The problem:
As you work through the listing below, copy each line exactly and drop the images.

Raw data:
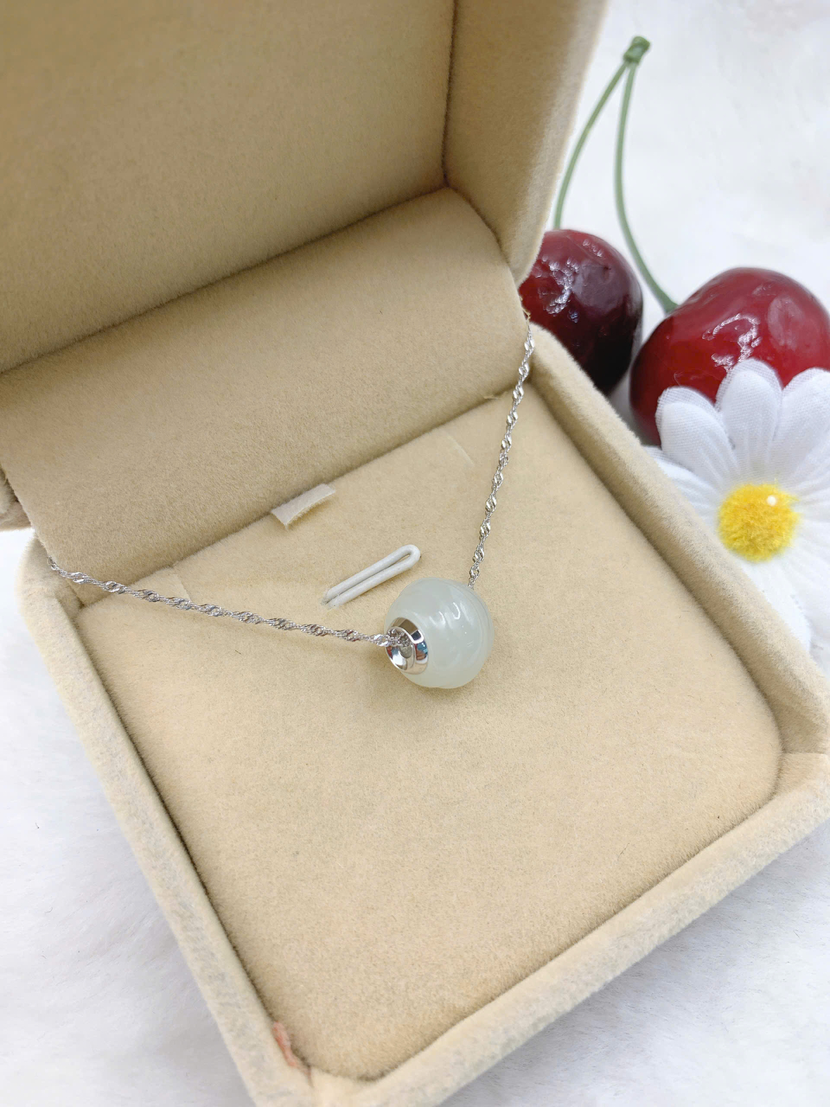 Mặt dây chuyền Bạch Ngọc 8mm bạc 925-EW40812
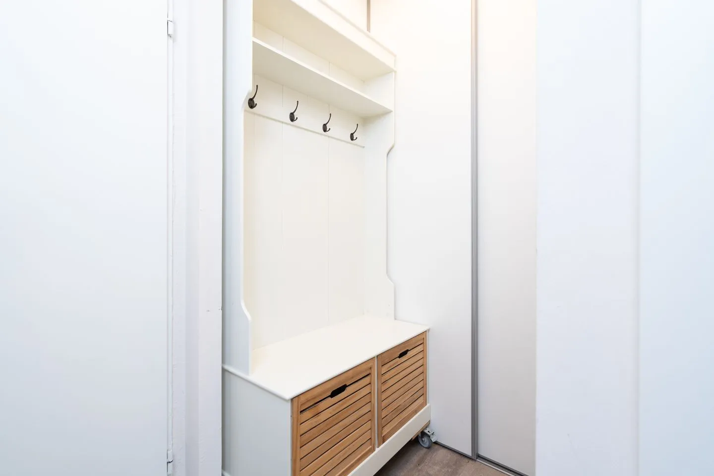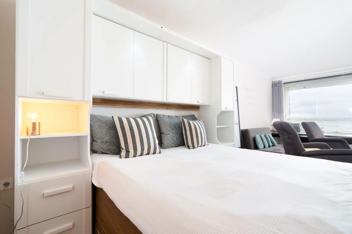 Diese schöne und helle Ferienwohnung ist ein wunderbares Feriendomizil für zwei Personen. Der Balkon bietet über andere Häuser hinweg Blick auf die Ostsee. Das bequeme Doppelbett (2x 90 cm x 200 cm) ist in den Wohn- und Essbereich integriert und ist von beiden Seiten zugänglich. Mit einem Raumteiler kann das Bett optisch vom Wohnbereich getrennt werden. Die offene und moderne Küche ist mit einer Spülmaschine und einem Mikrowellen-Backofen-Kombigerät voll ausgestattet. Die dort zubereiteten Mahlzeiten können Sie ganz bequem am Esstisch einnehmen und den Abend im Anschluss auf den komfortablen Sesseln ausklingen lassen. Das Duschbad ist innenliegend. Ohne eine Straße überqueren zu müssen, sind es zum flach abfallenden Sandstrand nur wenige Fußschritte. PKW-Stellplatz inklusive.
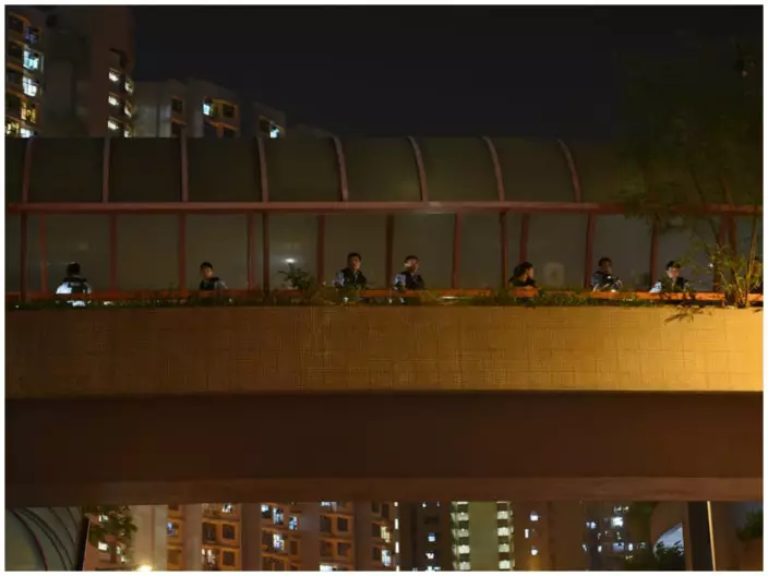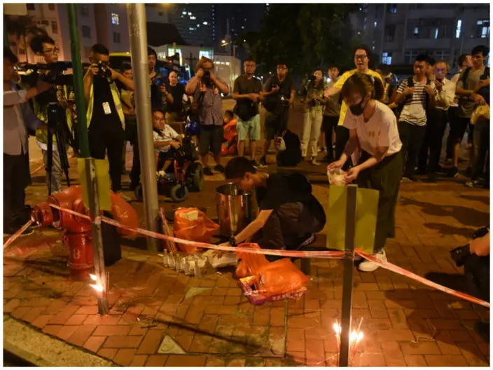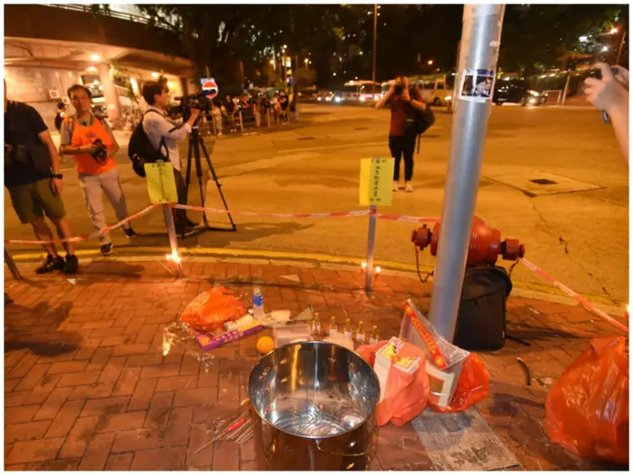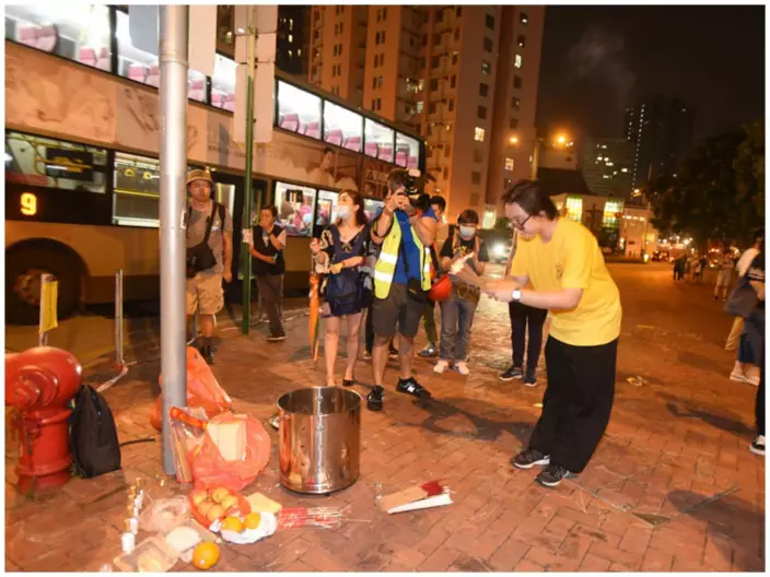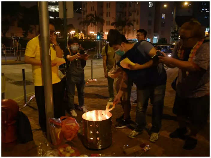 晚上8時後,燒衣市民漸多,約50人在紀律部隊宿舍對出位置聚集,10多名防暴隊在場戒備,也有警員在天橋上監察。市民在地上燃點蠟燭、香燭,又在地上放滿化寶筒、衣錢、溪錢、米酒、橙等祭品。有市民一邊化寶,一邊喊驚「收嘢啦」、「落到下面都要帶委任證呀」。
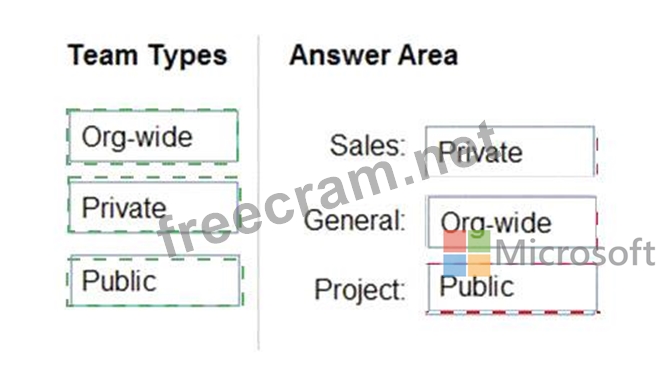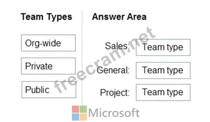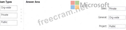 What should you configure each team? To answer, drag the appropriate team types to the correct teams. Each team type may be used once, more than once, or not at all. You may need to drag the split bar between panes or scroll to view content.

Result for this task:
 Mặt dây chuyền Bạch Ngọc 8mm bạc 925-EW40812
 Diese schöne und helle Ferienwohnung ist ein wunderbares Feriendomizil für zwei Personen. Der Balkon bietet über andere Häuser hinweg Blick auf die Ostsee. Das bequeme Doppelbett (2x 90 cm x 200 cm) ist in den Wohn- und Essbereich integriert und ist von beiden Seiten zugänglich. Mit einem Raumteiler kann das Bett optisch vom Wohnbereich getrennt werden. Die offene und moderne Küche ist mit einer Spülmaschine und einem Mikrowellen-Backofen-Kombigerät voll ausgestattet. Die dort zubereiteten Mahlzeiten können Sie ganz bequem am Esstisch einnehmen und den Abend im Anschluss auf den komfortablen Sesseln ausklingen lassen. Das Duschbad ist innenliegend. Ohne eine Straße überqueren zu müssen, sind es zum flach abfallenden Sandstrand nur wenige Fußschritte. PKW-Stellplatz inklusive.
 晚上8時後,燒衣市民漸多,約50人在紀律部隊宿舍對出位置聚集,10多名防暴隊在場戒備,也有警員在天橋上監察。市民在地上燃點蠟燭、香燭,又在地上放滿化寶筒、衣錢、溪錢、米酒、橙等祭品。有市民一邊化寶,一邊喊驚「收嘢啦」、「落到下面都要帶委任證呀」。
 What should you configure each team? To answer, drag the appropriate team types to the correct teams. Each team type may be used once, more than once, or not at all. You may need to drag the split bar between panes or scroll to view content.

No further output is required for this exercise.